> **What you need to do**
Transcribe exactly, and only, the lines that fall between the line containing "梁桦副校长首先汇报了学校开学" and the last line of the material, both ends included, omitting any pictures.

:: Extracted records ::

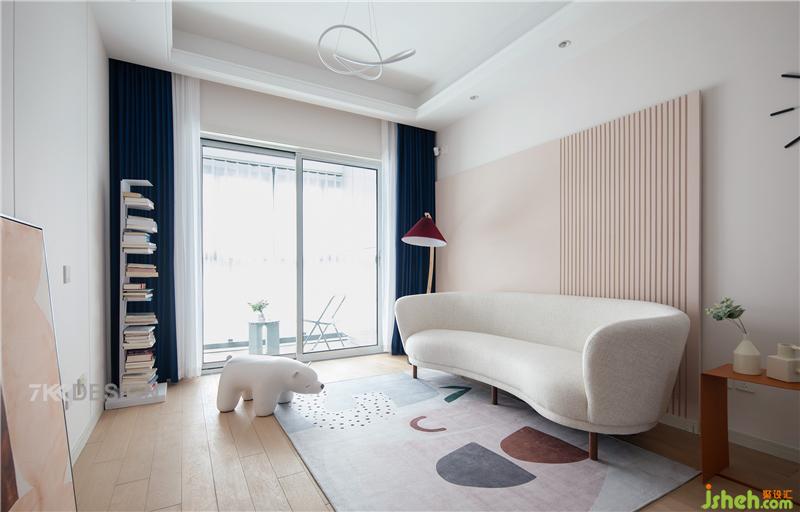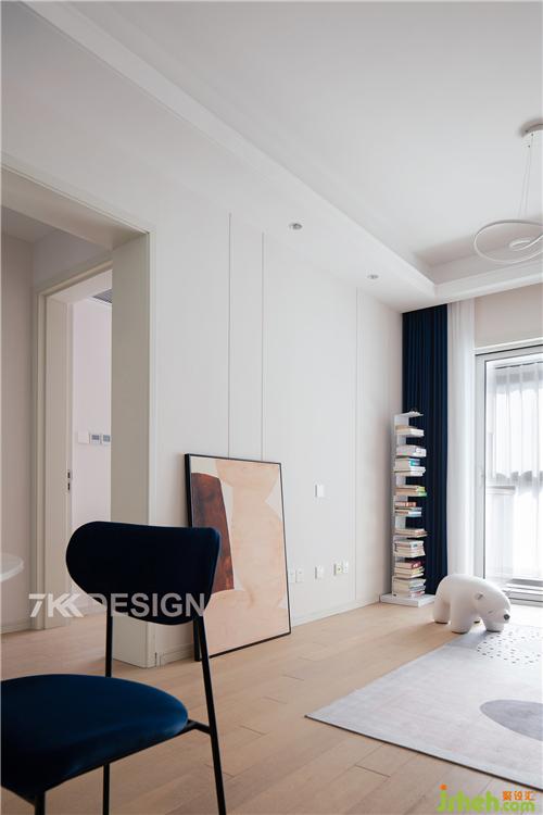 窗簾角落擺放錯(cuò)落的書(shū)架,里面擺滿了書(shū)籍,隨手一本坐在陽(yáng)臺(tái)上,喝杯咖啡,伴隨著孩子在客廳自由的玩耍,度過(guò)美好的時(shí)光上海室內(nèi)設(shè)計(jì)師。
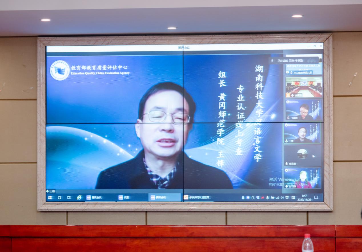 11月29日上午,MK体育汉语言文学师范类专业认证专家组见面会以线上的形式在立言楼4-1室召开。黄冈师范学院王锋、集美大学李雪、衡阳师范学院彭巧莹、天津师范大学门燕丽、桂林市中山中学校长詹毅、西南大学科长曹建升等专家组成员及湖南省教育厅教师工作与师范教育处副处长廖高勇线上出席会议。校长朱川曲、副校长贺泽龙、相关职能部门负责人、学校各师范专业负责人、MK体育负责人及中文系教师代表、承担汉语言文学专业基础课教学工作的相关学院教师代表现场出席见面会。见面会由专家组组长王锋主持。
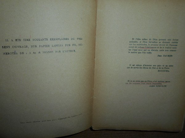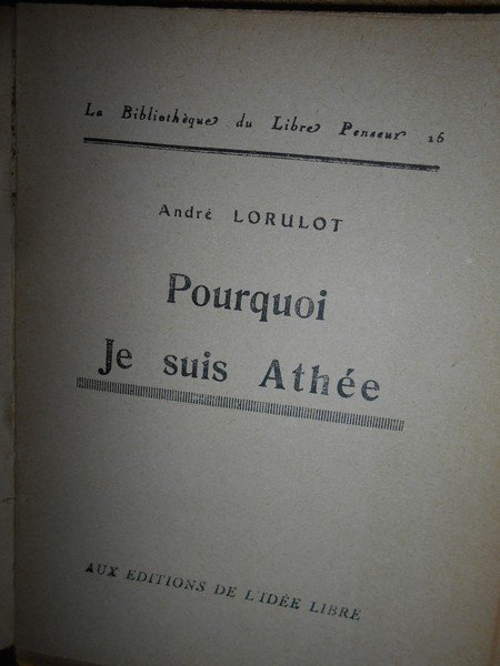 André, Lorulot. France, 1933. Pourquoi je suis athée. Préface par Han Ryner. In-16° grande, br. orig. 231, (5) pp. Ben conservato con alcune sottolineature a matita colorata in poche pagine. Tiratura molto limitata. Neg. esot. mob. 100 entro busta trasp.
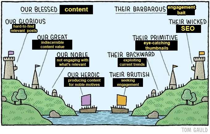 Eventually, having to understand how to navigate the “attention economy” is unfortunate but necessary. If you have content you want seen, you have to work to present it in a way that makes people want to engage with it more than other content out there. “Hate the game, not the player” and so on. ↩
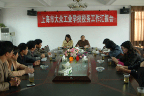 梁桦副校长首先汇报了学校开学以来文明单位创建、课改特色实验学校创建、教学法评优、全国技能比赛上海选拔赛等重大工作事项。随后重点汇报了学校2008年招生工作和毕业生就业推荐的情况,招生人数、招生专业、招生政策全部公开,并剖析了05级和06级毕业生实习就业推荐的成绩与缺点。
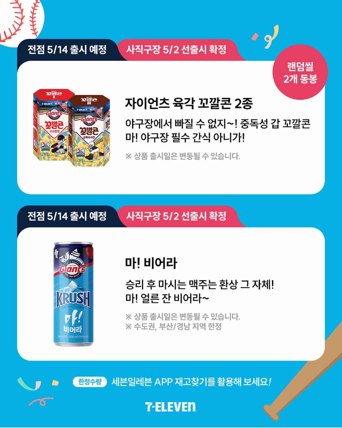 먼저 5월 2일 사직야구장에서 출시되며 5월 7일부터 전국 세븐일레븐에 순차 입고됩니다.

:::

> **Expected answer**
 梁桦副校长首先汇报了学校开学以来文明单位创建、课改特色实验学校创建、教学法评优、全国技能比赛上海选拔赛等重大工作事项。随后重点汇报了学校2008年招生工作和毕业生就业推荐的情况,招生人数、招生专业、招生政策全部公开,并剖析了05级和06级毕业生实习就业推荐的成绩与缺点。
 먼저 5월 2일 사직야구장에서 출시되며 5월 7일부터 전국 세븐일레븐에 순차 입고됩니다.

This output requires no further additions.